Uber’s new restaurant guide uses trip data to tell you where to eat

Uber’s trip data tells it a lot about how to optimize its services, including routing and pickup spots, but the info also reveals incidental patterns that don’t necessarily apply to its core goals of delivering transportation services, but that are useful nonetheless. That’s why it’s putting some of its data to work with its new Uber Restaurant Guide, a Michelin for the data driven age.

The Uber Restaurant Guide covers food spots in 12 U.S. cities at launch, and organizes suggestions by categories, letting you navigate picks according to popularity, what’s loved by locals, what’s on the rise, which are the best spots for brunch and for the weekend, and where the best spots are for impressing your date. Uber determines their ranking for each of these based on popularity of drop-offs at the restaurants overall and at specific times of day, what kind of ride users selected to get there and more.

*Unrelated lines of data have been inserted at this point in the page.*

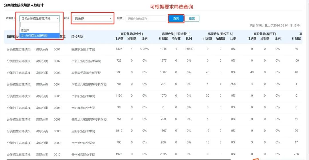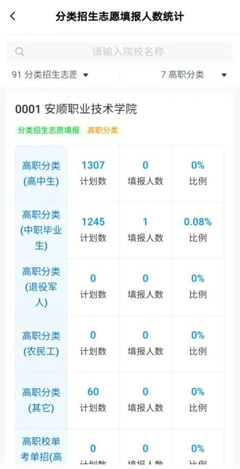 考生可点击【我的志愿填报】→【分类招生志愿填报人数统计】,查看各院校招生计划人数、填报人数及比例,可通过设置筛选条件查看某一院校的填报数据。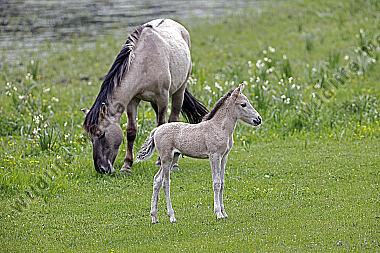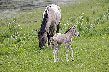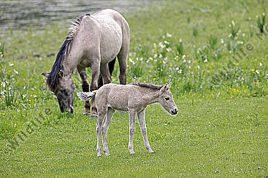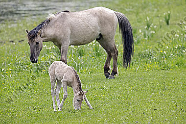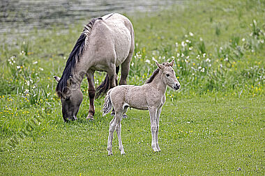 Pferde Epuus Stute mit Fohlen auf der Weide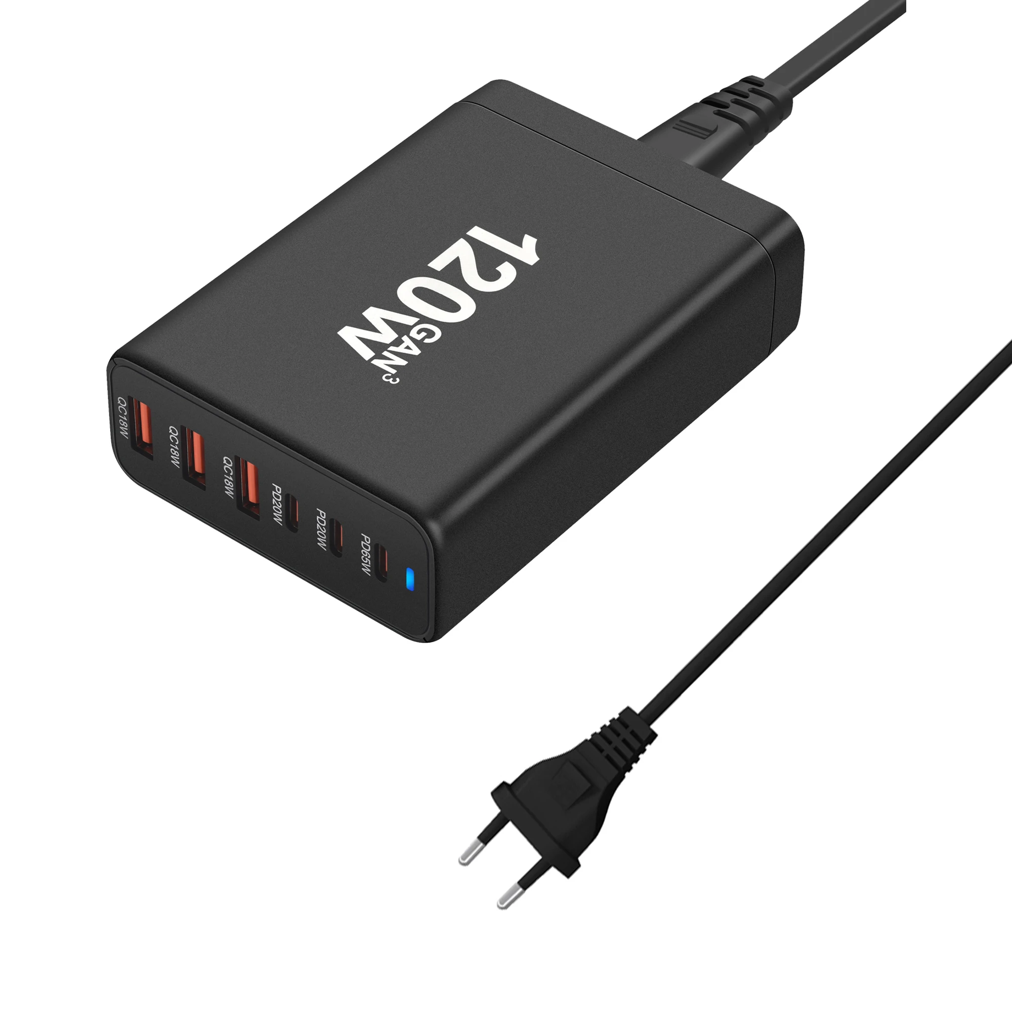 120W GAN Multi USB Charging Station 6 Port Hub Type C Charger PD Fast Charging Station Smart charger For iPhone Samsung Xiaom

It’s important to note that Uber’s data is purely data-driven, unlike guides that take into account qualitative user feedback like Yelp, or purely opinion-based guides like the aforementioned Michelin rankings. For most popular, Uber simply lists the restaurants in the city with the highest number of drop-offs; local favorites takes into account which spots are listed the most frequently by city residents; up-and-coming tracks restaurants with the biggest growth in drop-offs; brunch spots pulls from the most popular spots during weekend brunch hours; weekend looks only at Friday and Saturday night request volume; and date-night tallies evening drop-offs using UberBLACK and other premium-tier ride options.

It’s an interesting use of Uber’s substantial pool of data, and one that could indicate how the company can diversify its business in the future beyond its various approaches to mobility and transportation. Restaurants is an obvious place type to tackle with this sort of crowdsourced recommendation model, but it’s far from the only category where such a thing would prove useful.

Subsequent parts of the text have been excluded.